[Opening Recorded information section]

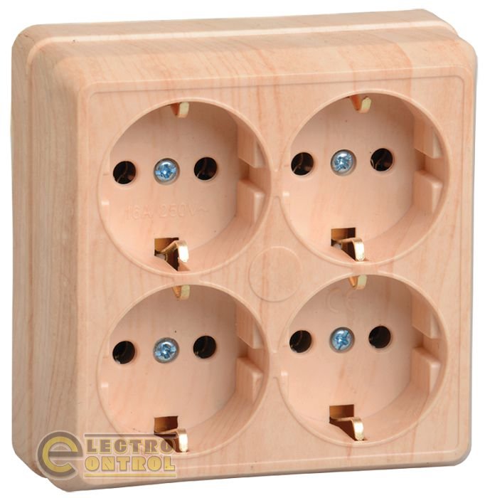 Розетка чотиримісна із заземленим контактом 16А відкритої установки РС 3-ОС ОКТАВА (сосна)
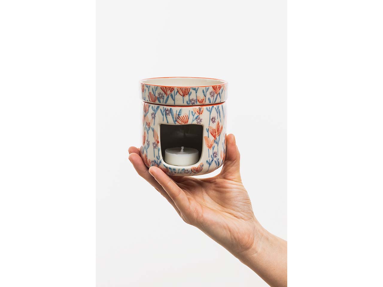 Ätherische Öle, Duftöl oder Duftwachs entfalten mit dieser Duftöllampe ihren einzigartigen Duft! Das Accessoire aus robustem Steingut hat ein wunderschönes, handgestempeltes Muster und fügt sich so nahtlos in Wohnräume ein. Dank großem Einschub sind Teelichter schnell eingesetzt. Die integrierte Schale für Öl oder Duftmelts ist abnehmbar und kann so einfach gereinigt werden. Die Lieferung erfolgt ohne Teelicht.
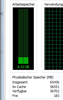 Es werden in den Systemgerätespezifikationen, im BIOS, in dxdiag und in CPU-Z stets 8GB Ram angezeigt. Laut Taskmanager bin ich bei ~3,8GB allerdings schon bei 100% Auslastung.
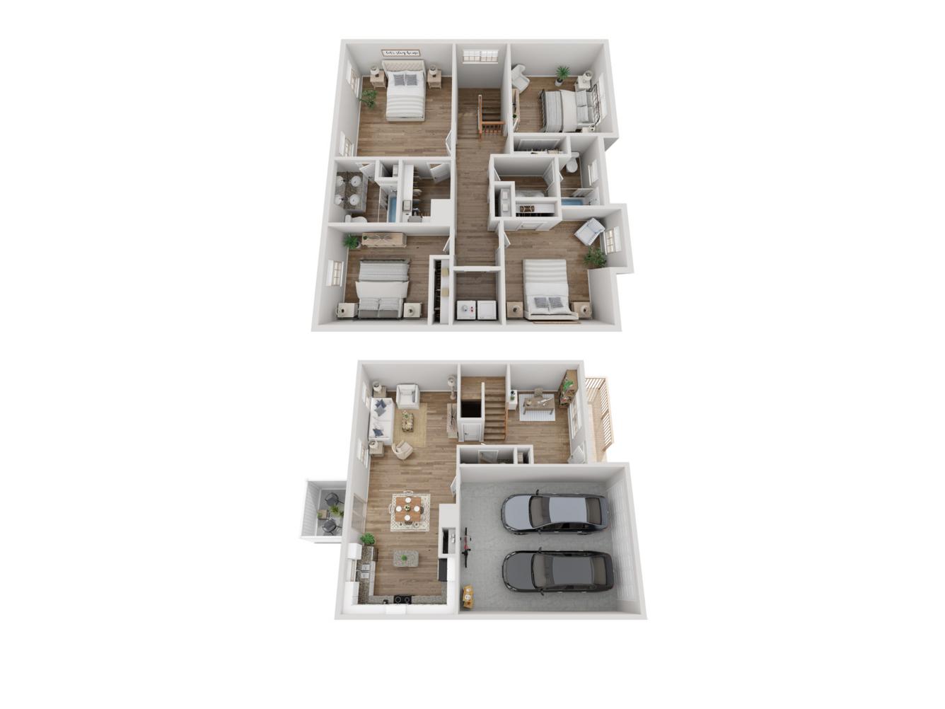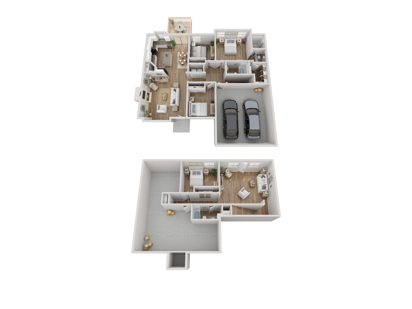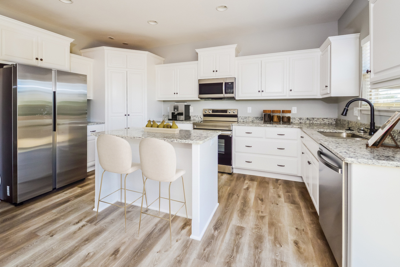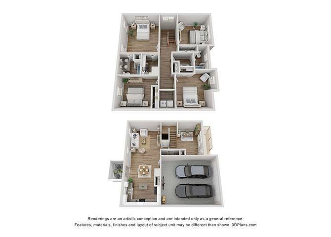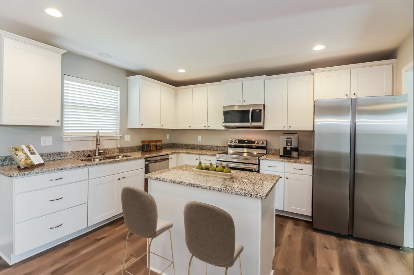 Featuring everything from attached garages to in-home washer and dryer connections, our two-story layouts are thoughtfully designed with your modern lifestyle in mind. Located on the first floor, a luxe kitchen with sleek stainless-steel appliances and stunning granite countertops is sure to streamline your cooking routine. When you need a break from your busy day, head outside for a breath of fresh air on your private patio or balcony.

[Closing Recorded information section]

Problem to work on:
Repeat the data exactly, dropping every picture it holds.

Written reply:
 Розетка чотиримісна із заземленим контактом 16А відкритої установки РС 3-ОС ОКТАВА (сосна)
 Ätherische Öle, Duftöl oder Duftwachs entfalten mit dieser Duftöllampe ihren einzigartigen Duft! Das Accessoire aus robustem Steingut hat ein wunderschönes, handgestempeltes Muster und fügt sich so nahtlos in Wohnräume ein. Dank großem Einschub sind Teelichter schnell eingesetzt. Die integrierte Schale für Öl oder Duftmelts ist abnehmbar und kann so einfach gereinigt werden. Die Lieferung erfolgt ohne Teelicht.
 Es werden in den Systemgerätespezifikationen, im BIOS, in dxdiag und in CPU-Z stets 8GB Ram angezeigt. Laut Taskmanager bin ich bei ~3,8GB allerdings schon bei 100% Auslastung.
 Featuring everything from attached garages to in-home washer and dryer connections, our two-story layouts are thoughtfully designed with your modern lifestyle in mind. Located on the first floor, a luxe kitchen with sleek stainless-steel appliances and stunning granite countertops is sure to streamline your cooking routine. When you need a break from your busy day, head outside for a breath of fresh air on your private patio or balcony.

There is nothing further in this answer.